Janet Heeran lives in rural North Cork, Ireland, with her husband,
children, and assorted animals. She studied Environmental Policy in
Cambridge lived in France for a while and currently works as a
Special Educational Needs Teacher. Some of her writing featured on RTE
Radio 1 Countrywide programme.
Remembering the Unremembered
By Janet Heeran
First, Sister Brigid put Baby John in a shoebox. Then, the gardener
dug a hole, like he was planting a tree. Finally, he banged another
nail to join the hundreds of others in the graveyard wall.
“Spawn of the devil,” Sr Brigid called our babies. Baby John was only
two-weeks old when he became a heavenly light. At night they pinned
his sleeves to his mattress, like a tiny Crucified Lord.
“Was it worth five minutes of pleasure?” Sr Brigid would crow. I had
no pleasure. My uncle would assault me with his ignorant grunts, his
stinking breath and his strong wallops. But still I had to repent – on
my knees, cutting the convent lawn with my fingernails.

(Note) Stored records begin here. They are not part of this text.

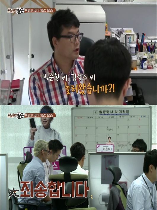 박준형과 김성주가 배치된 팀의 이은석 팀장은 박준형보다 나이가 두 살 어리지만, 업무적인 부분에서는 봐주는 것 없이 묵직한 카리스마를 발산한다. 호랑이 팀장의 분노를 산 박준형과 김성주의 행동이 무엇이었을지 궁금증을 불러일으킨다.
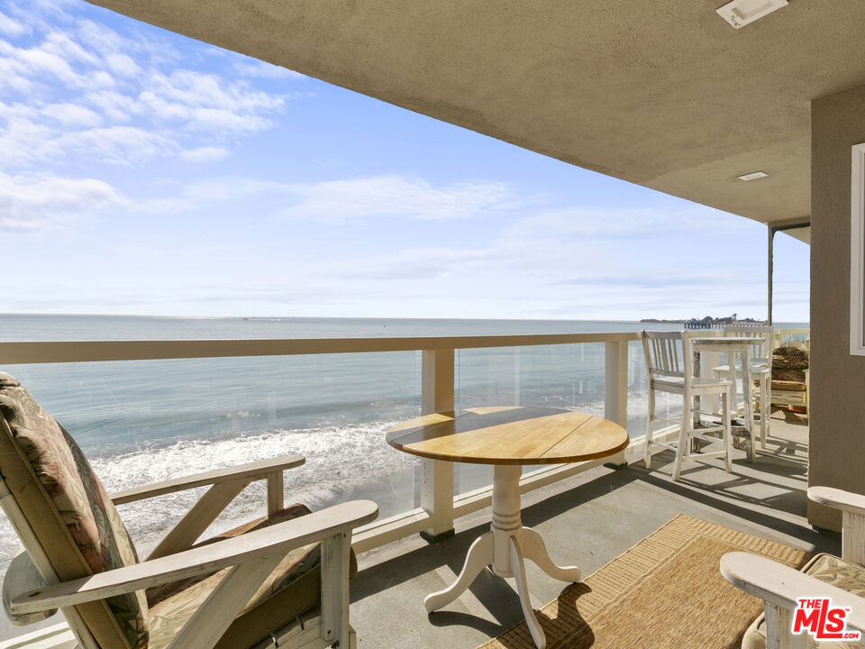 Luxurious oceanfront living at its finest in “The Malibu” complex! Discover the epitome of coastal elegance in this exclusive Carbon Beach penthouse corner unit boasting breathtaking 180-degree ocean and coastline vistas. Embrace the serene ambiance of this beautifully updated residence adorned with shabby chic furnishings and tile flooring throughout. Indulge in modern comforts featuring stainless steel appliances, granite countertops, and bespoke custom cabinetry in the spacious kitchen. Retreat to the master bedroom with its en suite bathroom showcasing a beautifully tiled shower, offering a private oasis within your home. Enjoy the allure of community amenities including an oceanfront pool, inviting BBQ areas, convenient laundry facilities, secured parking, and direct access to the sandy shores just steps away. Perfectly positioned in proximity to Malibu’s finest restaurants and shops, relish the convenience of fully furnished, turnkey living in this exceptional corner unit. Seize the opportunity to experience the pinnacle of Malibu coastal living. Make this remarkable residence your coastal sanctuary!
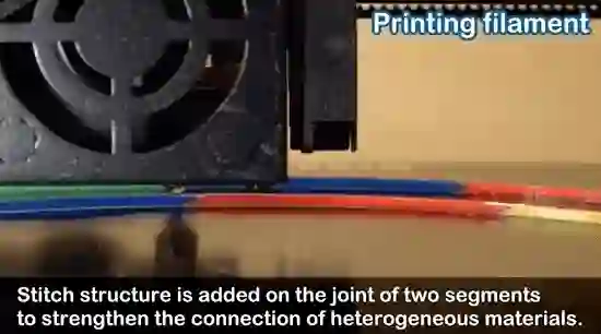 这个过程包括两个步骤:创建长丝和打印部件。实际上,部件的打印过程相当枯燥,和打印普通的部件过程没有什么区别,唯一不同的是,完成打印后,部件不同的地方有着不同的材料,研究人员需要将这些材料预先编程到长丝中的,并准确地指明它们所在的位置和长度。
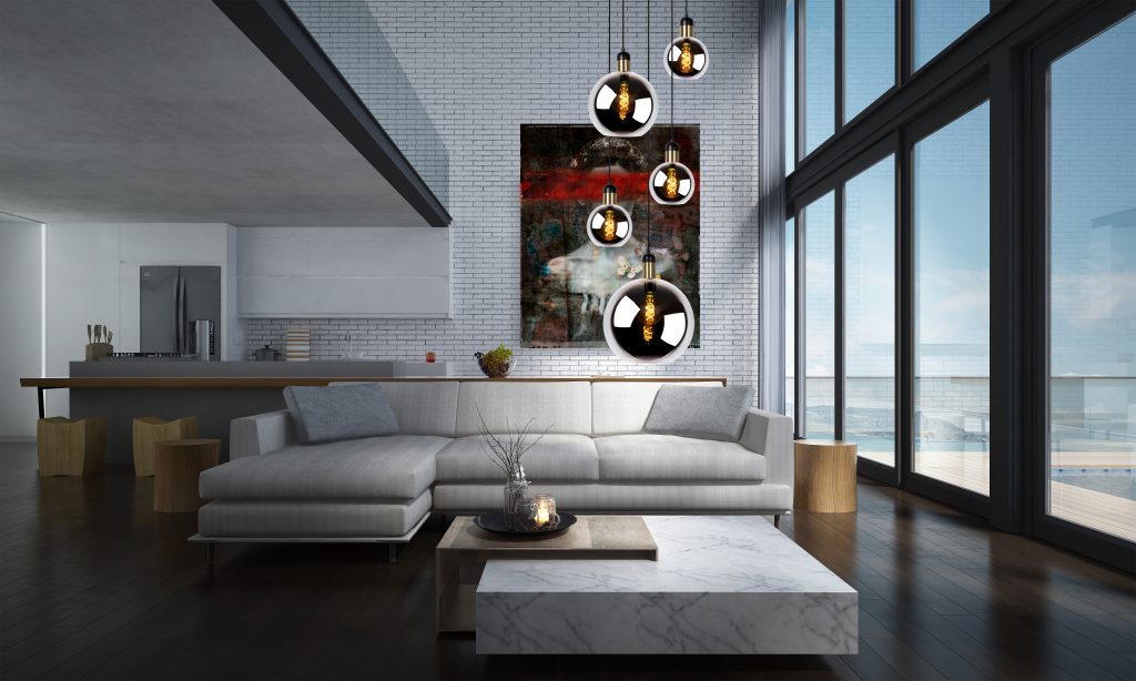 Juluis 5 light glass pendant in a Smoke Grey finish.

“We don’t die,” Blind Nana Nora had once told me. “No, we become a
light in the heavens, always watching.” And so, Baby John’s light rose
and danced in the sullen sky. I had to be with him, so I gifted my
bread to another hopeless mother.
Eventually, one dark morning in chapel, the volume of the priest’s
admonishment began to fade. I felt my thin body collapse to the marble
floor. Then I sensed myself float above the bowed, veiled heads. I saw
a scarlet pool trickle from my ears. I joined John and Blind Nana Nora
in the cosmos.
Time passed and we observed babies become valuable. They got new
parents and passports. Eventually, women went home with their infants.
Shame had lost its currency.
Would anyone remember us? Would the nuns succeed in erasing our
wretched lives? We watched as they made a bonfire of our files. Had Sr
Brigid looked down at her rosary, she would have seen a weary Jesus
cry fifty-nine silent tears.
Remember us. Listen to the rusting nails as they tell their secrets.